# Best shows ? (american dad , simpsons , ugly americans , family guy content)



## metalmonster (Dec 8, 2010)

Hey ! 

Since i enjoy shows such as Ugly americans , american dad , the simpsons and family guy , and of course south park ... 

can you recommend me more shows ? seriously , i have kind of a raging addiction to this stuff .


----------



## tacotiklah (Dec 8, 2010)

metalmonster said:


> Hey !
> 
> Since i enjoy shows such as Ugly americans , american dad , the simpsons and family guy , and of course south park ...
> 
> can you recommend me more shows ? seriously , i have kind of a raging addiction to this stuff .




I can't recommend Robot Chicken and Metalocalypse enough. My entire evenings (by evening I'm of course referring from 11pm-2am) consist of watching those 2 shows + Family Guy. 

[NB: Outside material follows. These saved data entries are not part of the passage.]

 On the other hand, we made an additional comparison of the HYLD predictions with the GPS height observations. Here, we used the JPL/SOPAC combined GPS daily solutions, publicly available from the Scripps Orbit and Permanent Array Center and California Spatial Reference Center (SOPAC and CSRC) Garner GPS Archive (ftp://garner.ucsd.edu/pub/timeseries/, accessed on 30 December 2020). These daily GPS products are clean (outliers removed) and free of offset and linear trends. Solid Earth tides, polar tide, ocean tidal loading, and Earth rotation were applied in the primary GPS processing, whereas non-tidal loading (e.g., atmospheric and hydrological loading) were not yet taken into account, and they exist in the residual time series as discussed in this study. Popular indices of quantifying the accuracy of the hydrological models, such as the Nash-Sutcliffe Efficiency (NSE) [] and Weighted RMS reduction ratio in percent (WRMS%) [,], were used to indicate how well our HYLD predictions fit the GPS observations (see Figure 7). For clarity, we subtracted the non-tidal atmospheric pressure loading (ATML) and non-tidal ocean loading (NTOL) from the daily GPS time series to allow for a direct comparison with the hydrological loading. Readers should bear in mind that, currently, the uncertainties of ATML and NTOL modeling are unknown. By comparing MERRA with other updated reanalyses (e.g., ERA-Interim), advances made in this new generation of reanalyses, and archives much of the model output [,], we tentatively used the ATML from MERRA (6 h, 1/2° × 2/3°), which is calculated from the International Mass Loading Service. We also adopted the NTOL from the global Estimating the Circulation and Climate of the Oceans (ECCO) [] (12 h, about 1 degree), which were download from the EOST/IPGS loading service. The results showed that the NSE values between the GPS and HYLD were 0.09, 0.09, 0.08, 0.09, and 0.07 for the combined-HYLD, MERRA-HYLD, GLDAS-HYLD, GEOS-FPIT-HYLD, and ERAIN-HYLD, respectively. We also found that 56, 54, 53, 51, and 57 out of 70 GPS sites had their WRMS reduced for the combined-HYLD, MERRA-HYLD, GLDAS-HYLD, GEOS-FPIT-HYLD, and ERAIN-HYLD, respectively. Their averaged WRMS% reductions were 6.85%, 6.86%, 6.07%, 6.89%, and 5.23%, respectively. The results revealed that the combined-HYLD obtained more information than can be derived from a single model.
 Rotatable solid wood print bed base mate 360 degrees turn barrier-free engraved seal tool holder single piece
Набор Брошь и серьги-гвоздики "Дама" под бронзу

Also I'm digging Squidbillies and Aqua Teen Hunger Force.


----------



## Dea7h (Dec 8, 2010)

Futurama's fun too


----------



## tacotiklah (Dec 8, 2010)

Boondocks is pretty cool too, if you can turn off your "THAT'S RACIST!" alarm for a few minutes. Uncle Ruckus is friggin' hilarious!


----------



## Leper (Dec 8, 2010)

Dea7h said:


> Futurama's fun too


+1


----------



## metalmonster (Dec 8, 2010)

Oh yeah ! Futurama , and Robot Chicken , i'm fond of those too  

[and , i do have the same evenings , 11h/2h , watchin' shows ... ]

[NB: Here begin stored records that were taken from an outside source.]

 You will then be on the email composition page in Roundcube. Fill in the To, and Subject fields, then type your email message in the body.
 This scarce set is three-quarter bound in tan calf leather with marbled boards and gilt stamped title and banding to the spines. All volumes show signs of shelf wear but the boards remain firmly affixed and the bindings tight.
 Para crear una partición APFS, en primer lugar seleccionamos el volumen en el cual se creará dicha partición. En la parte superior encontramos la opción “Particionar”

I'll try boondocks , Squidbillies and Aqua Teen Hunger Force too , they seem to be great  

Oh and i loved neighbors from hell too , and Drawn Together was a great , inspired show as well . They made a movie recently , i'll let you check this out !


----------



## ittoa666 (Dec 13, 2010)

ghstofperdition said:


> I can't recommend Robot Chicken and Metalocalypse enough. My entire evenings (by evening I'm of course referring from 11pm-2am) consist of watching those 2 shows + Family Guy.
> 
> Also I'm digging Squidbillies and Aqua Teen Hunger Force.



Same here. I only watch adult swim these days.


----------



## MFB (Dec 16, 2010)

The only good seasons of Metalocalypse are the ones where the episodes are 15 minutes. Once they moved up to half an hour it felt like they were trying too hard and made it really blah.


----------



## IDLE (Dec 16, 2010)

Californication


----------



## ittoa666 (Dec 22, 2010)

MFB said:


> The only good seasons of Metalocalypse are the ones where the episodes are 15 minutes. Once they moved up to half an hour it felt like they were trying too hard and made it really blah.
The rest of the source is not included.